Вдоль изгороди был проложен узкий оросительный канал, на дне которого еще бежала вода. Бернардино очень бережно наполнил флягу, потом освежился сам, смочив водой лицо и волосы. По старой привычке он бдительно огляделся по сторонам и только потом опустился на землю, причем с таким расчетом, чтобы наблюдать за той частью дороги, которая находилась за спиной у Рибальдо.
Проверив, в порядке ли оружие (у него всегда были под рукой кинжал, шпага и пистолет), Бернардино вытащил из переметной сумы слегка оструганный, но еще непонятной формы кусок буковой древесины, вынул из кармана складной нож и принялся строгать.

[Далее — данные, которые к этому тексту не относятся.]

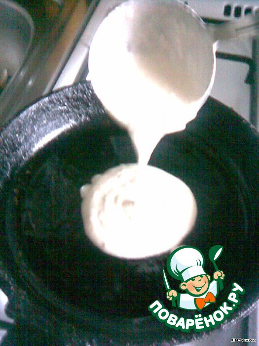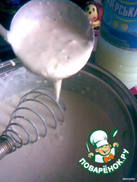 замесить из всех ингредиентов тесто(оно должно быть не жидким и не сильно густым,чтоб лилось с половника свободно)
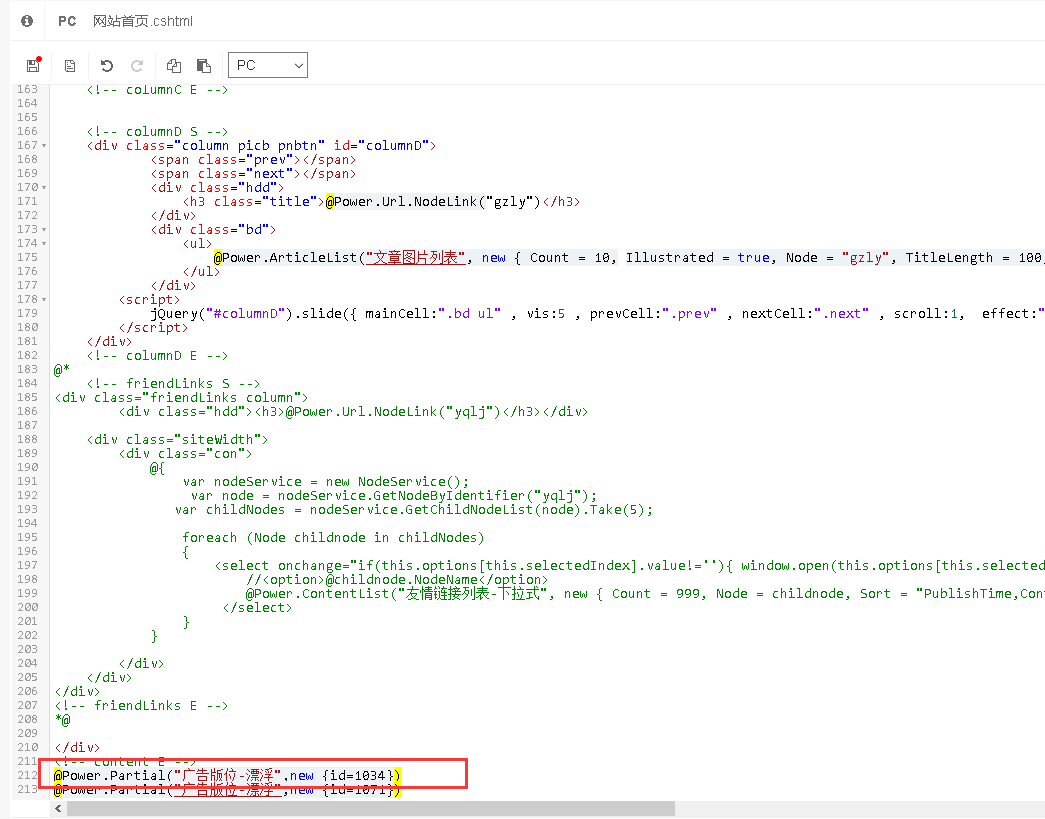3.模板中调用代码,@Power.Partial("广告版位-漂浮",new {id=广告版位ID})
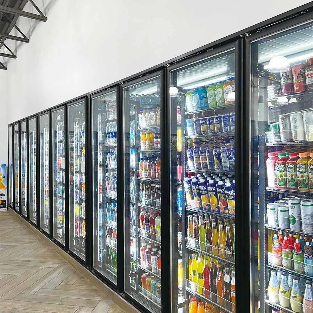 Refrigerators with heated glass doors for food display.
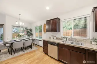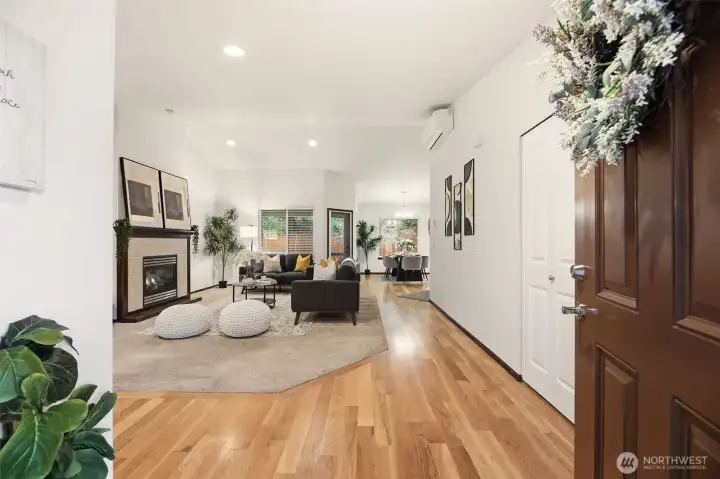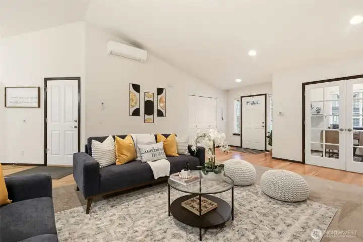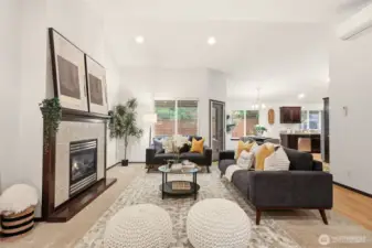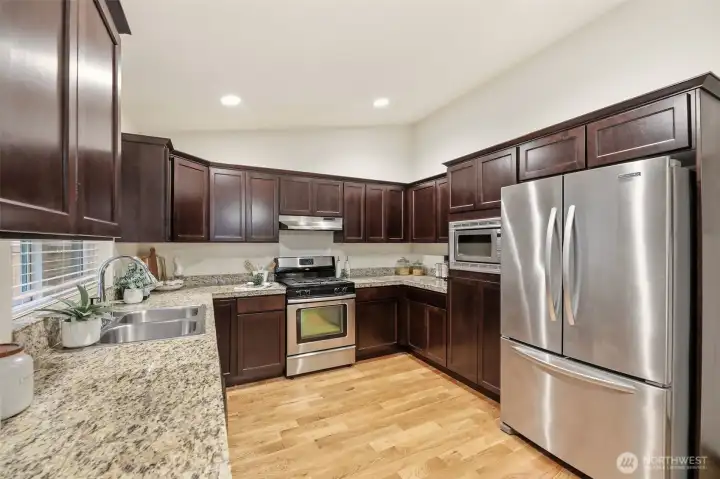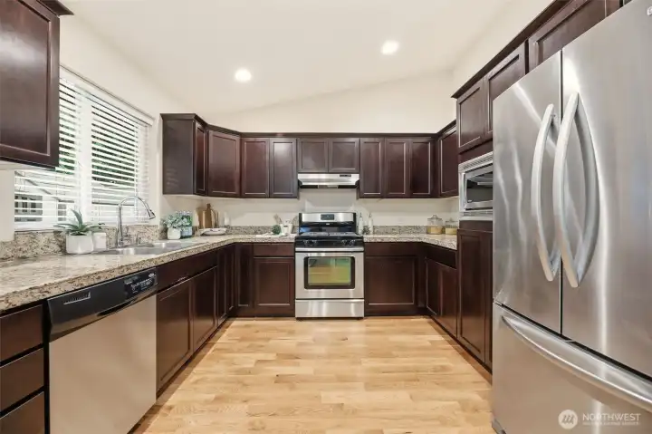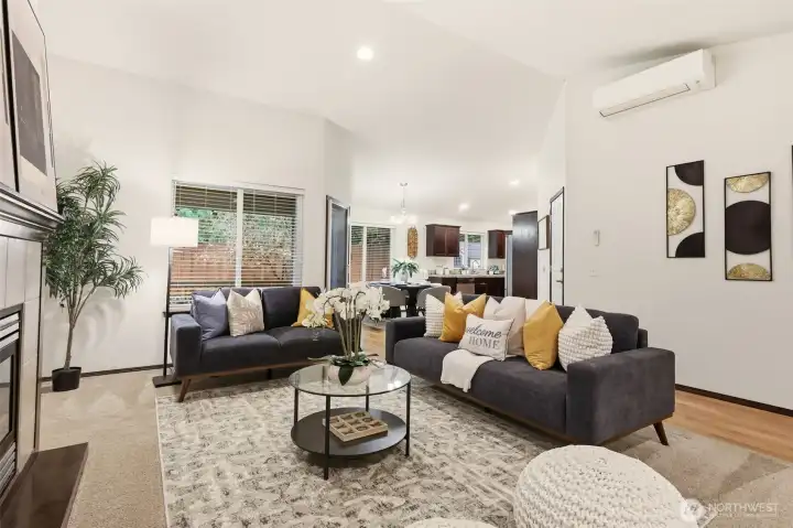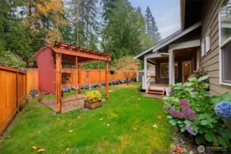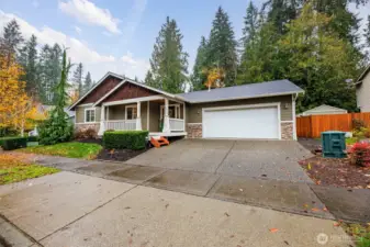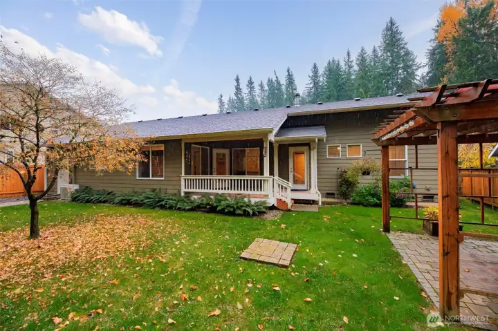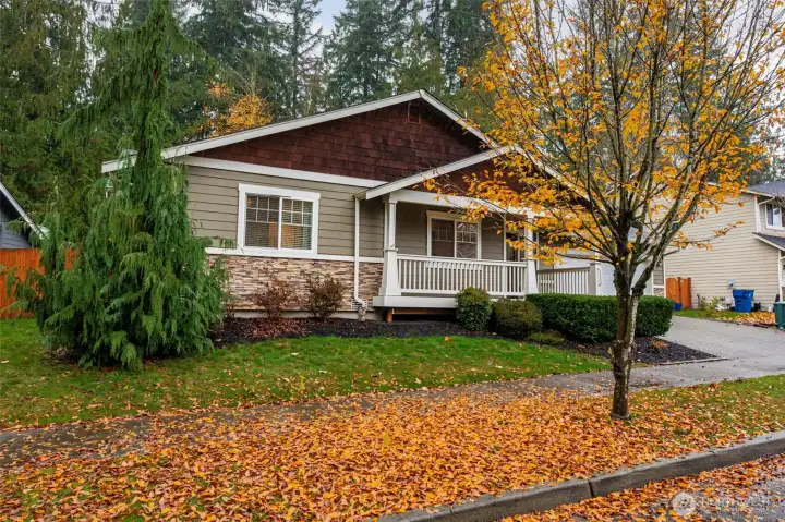 Newer rambler in an idyllic location w covered front porch. Great room design w living area featuring gas fireplace. Flow into the kitchen adjoining a delightful dining area. Vaulted ceilings & ample windows bring in natural light. Warm kitchen offers granite counters & stainless appliances. In the primary suite you'll find dual closets, backyard access & an en-suite w walk-in shower, soaking tub & double vanity. Two add’l bedrooms complete the layout, one a flex room w glass French doors for office, study or hobby use. Back covered deck is a showstopper overlooking the private yard. Pergola & firepit pad elevate outdoor living. Larger garage + garden shed. Home features forced air & mini-split AC. Minutes to amenities & easy commute.

Рибальдо предавался приятным воспоминаниям. Вскоре ему предстояло увидеться с Дамианой. Впервые он повстречал ее на мосту Лово в Венеции. Ему было тогда пятнадцать лет, он был одет по последней моде и гордился своим прекрасным камзолом, жилетом из серебряной парчи и короткими небесно-голубыми панталонами до колен. На ногах у него были белые чулки и черные лаковые башмаки, на голове красовался первый в его жизни пудреный парик с косичкой, перевязанной черным бантом. Его мать, Амалия Галлароли, смотрела на него с обожанием сквозь прорези маски, которой прикрывала лицо, чтобы не быть узнанной. Амалия, одна из прекраснейших женщин Венеции, провела свою мо-лодость в бурных, порой сомнительных приключениях. Сейчас она шла упругой походкой, слегка опираясь на руку сына, и именно она кивком головы указала ему на девочку, идущую им навстречу по мосту.